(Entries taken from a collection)
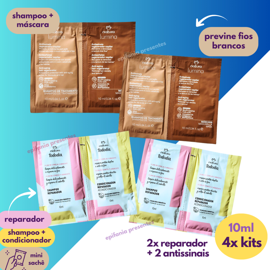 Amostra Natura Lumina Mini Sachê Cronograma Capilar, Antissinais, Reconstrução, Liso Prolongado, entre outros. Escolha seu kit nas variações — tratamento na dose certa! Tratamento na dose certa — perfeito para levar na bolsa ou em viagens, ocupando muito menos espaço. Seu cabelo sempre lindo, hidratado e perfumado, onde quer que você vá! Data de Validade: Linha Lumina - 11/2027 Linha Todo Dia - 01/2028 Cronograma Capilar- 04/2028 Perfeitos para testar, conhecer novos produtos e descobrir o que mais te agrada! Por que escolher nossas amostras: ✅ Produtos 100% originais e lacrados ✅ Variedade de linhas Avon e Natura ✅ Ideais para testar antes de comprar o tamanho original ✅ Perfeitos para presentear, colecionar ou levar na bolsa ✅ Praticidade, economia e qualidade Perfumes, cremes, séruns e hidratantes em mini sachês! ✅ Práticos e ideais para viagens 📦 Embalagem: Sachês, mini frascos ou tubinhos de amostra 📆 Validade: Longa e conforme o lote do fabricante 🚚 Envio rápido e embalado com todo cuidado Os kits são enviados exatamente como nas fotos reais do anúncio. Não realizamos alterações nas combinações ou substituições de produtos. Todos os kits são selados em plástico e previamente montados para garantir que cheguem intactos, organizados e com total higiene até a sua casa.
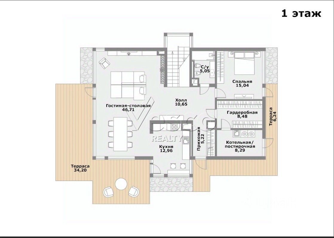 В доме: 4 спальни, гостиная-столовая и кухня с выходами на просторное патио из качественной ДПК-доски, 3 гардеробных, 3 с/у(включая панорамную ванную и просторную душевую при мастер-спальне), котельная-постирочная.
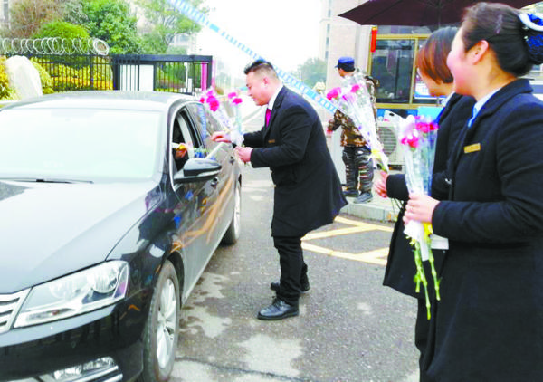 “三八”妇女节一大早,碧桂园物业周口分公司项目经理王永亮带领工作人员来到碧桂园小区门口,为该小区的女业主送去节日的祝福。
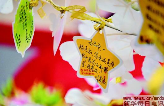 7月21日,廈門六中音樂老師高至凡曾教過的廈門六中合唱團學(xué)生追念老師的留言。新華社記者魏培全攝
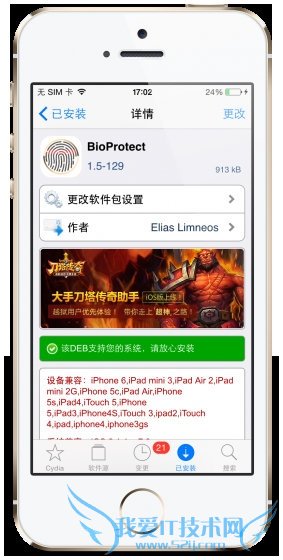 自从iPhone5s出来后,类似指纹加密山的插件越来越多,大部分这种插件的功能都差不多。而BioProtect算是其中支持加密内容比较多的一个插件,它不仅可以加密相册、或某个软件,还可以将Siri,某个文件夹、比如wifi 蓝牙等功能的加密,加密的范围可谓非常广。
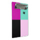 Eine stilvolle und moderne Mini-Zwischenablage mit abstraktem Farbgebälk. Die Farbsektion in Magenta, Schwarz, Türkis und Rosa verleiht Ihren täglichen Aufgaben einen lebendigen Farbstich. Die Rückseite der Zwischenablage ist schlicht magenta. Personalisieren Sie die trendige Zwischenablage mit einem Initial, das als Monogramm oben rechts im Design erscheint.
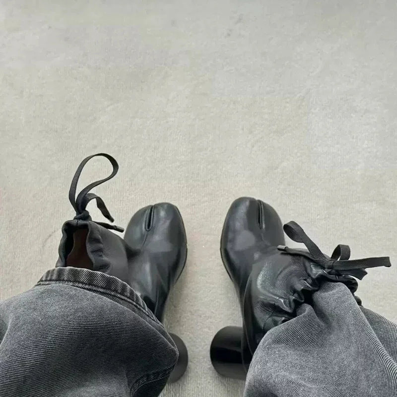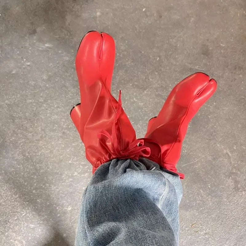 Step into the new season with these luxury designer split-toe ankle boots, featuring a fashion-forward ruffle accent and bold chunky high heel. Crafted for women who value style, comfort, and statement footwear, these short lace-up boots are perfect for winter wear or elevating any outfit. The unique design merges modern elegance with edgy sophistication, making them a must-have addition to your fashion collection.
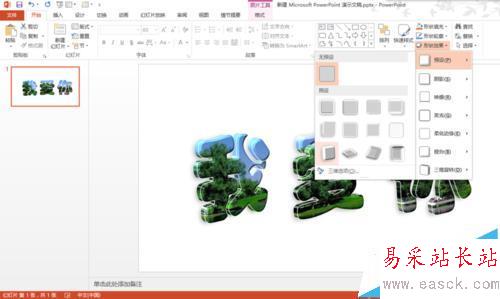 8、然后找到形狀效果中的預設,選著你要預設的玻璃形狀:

> Your objective: The answer must be the exact lines from the line with "В доме: 4 спальни, гостиная-столовая" to the final line of the data, both ends included, with no pictures.

> Task answer:
 В доме: 4 спальни, гостиная-столовая и кухня с выходами на просторное патио из качественной ДПК-доски, 3 гардеробных, 3 с/у(включая панорамную ванную и просторную душевую при мастер-спальне), котельная-постирочная.
 “三八”妇女节一大早,碧桂园物业周口分公司项目经理王永亮带领工作人员来到碧桂园小区门口,为该小区的女业主送去节日的祝福。
 7月21日,廈門六中音樂老師高至凡曾教過的廈門六中合唱團學(xué)生追念老師的留言。新華社記者魏培全攝
 自从iPhone5s出来后,类似指纹加密山的插件越来越多,大部分这种插件的功能都差不多。而BioProtect算是其中支持加密内容比较多的一个插件,它不仅可以加密相册、或某个软件,还可以将Siri,某个文件夹、比如wifi 蓝牙等功能的加密,加密的范围可谓非常广。
 Eine stilvolle und moderne Mini-Zwischenablage mit abstraktem Farbgebälk. Die Farbsektion in Magenta, Schwarz, Türkis und Rosa verleiht Ihren täglichen Aufgaben einen lebendigen Farbstich. Die Rückseite der Zwischenablage ist schlicht magenta. Personalisieren Sie die trendige Zwischenablage mit einem Initial, das als Monogramm oben rechts im Design erscheint.
 Step into the new season with these luxury designer split-toe ankle boots, featuring a fashion-forward ruffle accent and bold chunky high heel. Crafted for women who value style, comfort, and statement footwear, these short lace-up boots are perfect for winter wear or elevating any outfit. The unique design merges modern elegance with edgy sophistication, making them a must-have addition to your fashion collection.
 8、然后找到形狀效果中的預設,選著你要預設的玻璃形狀:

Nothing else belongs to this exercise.